Luken seemed to know after getting to 1,000 in September that he might not play much longer. His wife Mickey has been ill for some time, and age was catching up to him, as well.

"To tell the truth, I don't know how much longer I can keep doing this," he said then.

Weaver said it wasn't long before he quit seeing Luken on the course.

It wasn't just the sports or the dancing at which he excelled. Leo helped raise a big family. Six daughters, 12 grandchildren and 16 great-grandchildren survive him.

In some way, all of them will learn something from his life example. And ultimately, Luken's positive attitude and drive to remain active well past the age most people do that made him an inspiration to others he came in contact with.
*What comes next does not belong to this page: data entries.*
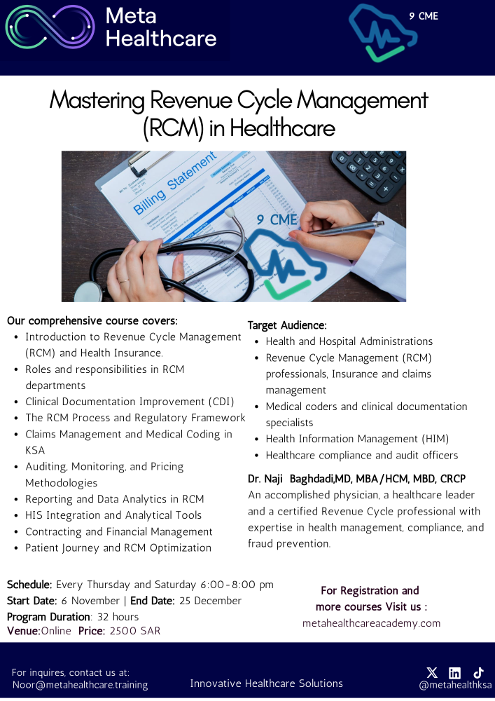 يهدف هذا البرنامج الشامل إلى تزويد المشاركين بالمعرفة والمهارات العملية في مجال إدارة دورة الإيرادات في الرعاية الصحية (RCM)، والتي تمثل أحد أهم العناصر لضمان الاستدامة المالية وجودة الخدمات الصحية. يركّز البرنامج على فهم دورة الإيرادات من التسجيل وحتى تحصيل المطالبات، مع تسليط الضوء على القوانين التنظيمية في المملكة العربية السعودية، وأفضل الممارسات في التوثيق الطبي، وإدارة المطالبات، والتدقيق، والتحليل المالي، إضافة إلى تعزيز تجربة المريض من خلال كفاءة العمليات.
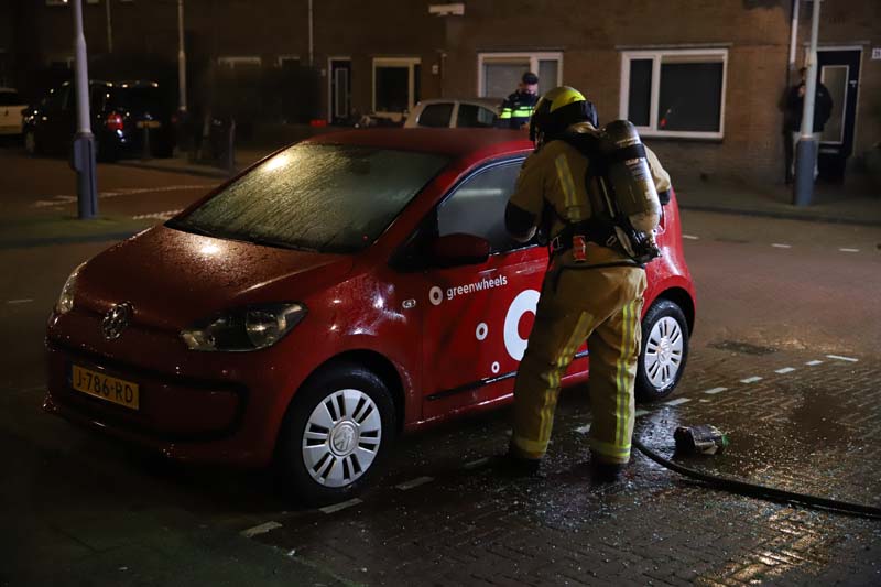 Den Haag – Op het Alberdingk Thijmplein in Den Haag is zondagavond 24 januari een geparkeerde auto van NS-Greenwheels in brand gestoken.
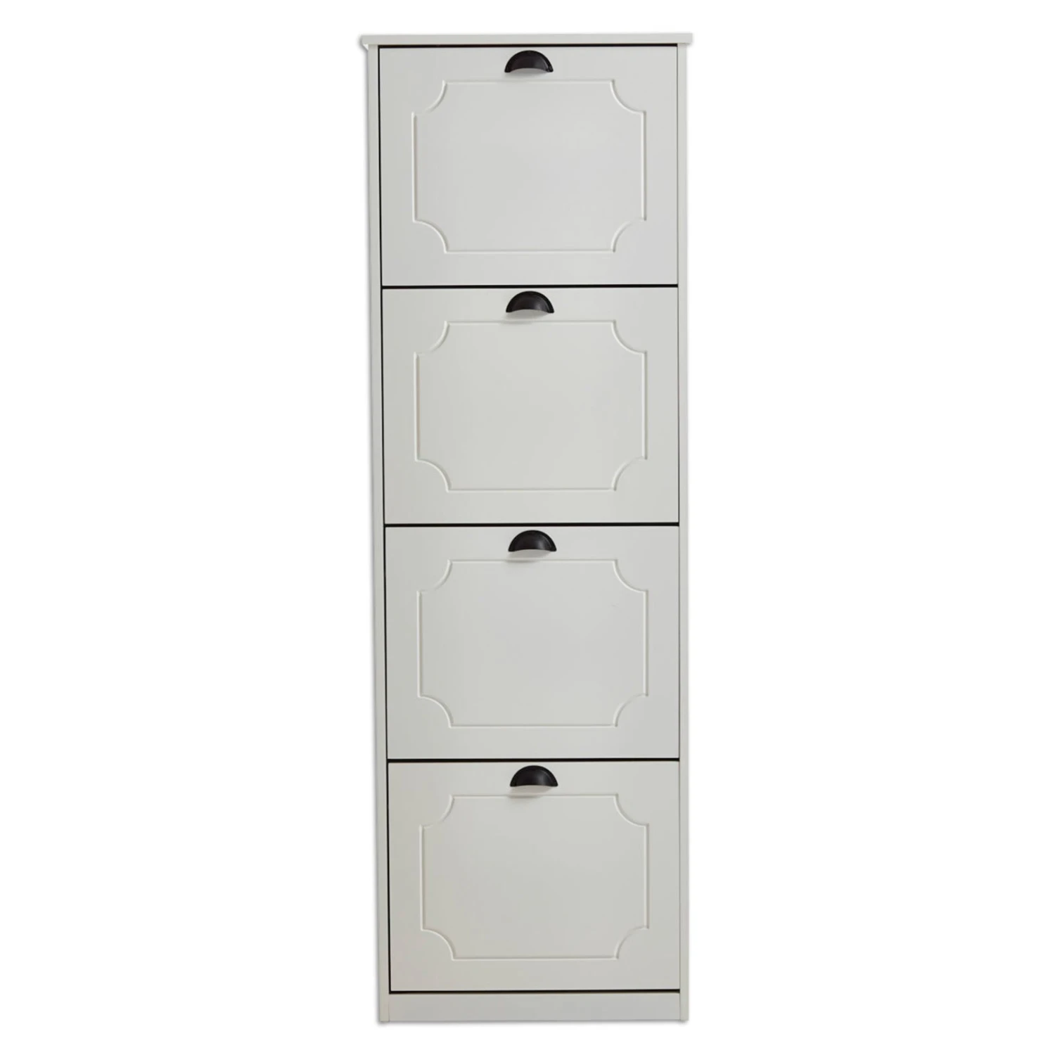 Nutzen Sie den Schuhkipper ADAM, um Ordnung in Ihrem Eingangsbereich zu halten. Hinter vier Klappen haben bis zu 20 Paar Schuhe Platz, sind gut verstaut und trotzdem griffbereit. Die Verzierung und die schwarzen Griffe kreieren ein wunderschönes Design, was auch zu einem Hingucker in Ihrer Diele wird.

"He makes me want to do something similar with my life," Weaver said. "I want people to remember how fortunate we all were to be around him. If I played golf with him 20 times in 10 years, it wasn't enough. He had an Arnold Palmer type of charisma."

Leo Luken died Saturday at the age of 96. There wasn't much he left unfinished.

"Once you learned what Leo Luken had done, you'd go, 'wow,' " Weaver said. "He had a wow life, an incredible life."

More on Shooting Your Age

  • Longtime Moorhead (Minn.) State baseball and golf coach T. Edison Smith holds the record for most shooting his age or better 3,359 times, according to GolfDigest. He died Dec. 15, 2011 at the age of 95. He surpassed the record of Frank Bailey of Abilene, Texas, who did it 2,623 times from age 71 until his death at age 98.
  • Bob Kurtz of Cullman, Ala. shot his age 7 times in one day Aug. 1, 2012 to set a world record.
  • The youngest golfer to shoot his age was 1944 PGA Championship winner Bob Hamilton. He shot his age of 59 in 1975 at the Hamilton Golf Club in Evansville, Ind.
  • The youngest golfer to shoot his age on a major professional tours was Walter Morgan. In 2002, at age 61, Morgan shot a 60 in the Champions Tour's AT&T Canada Senior Open Championship.
  • The youngest golfer to shoot his age on the PGA Tour was Sam Snead, who shot a 67 at the Quad Cities Open in 1979, when he was 67. The next day he shot 66.
  • The oldest golfer to shoot his age was 103-year-old Arthur Thompson of Victoria, British Columbia in 1972 at the Uplands Golf Club in Victoria.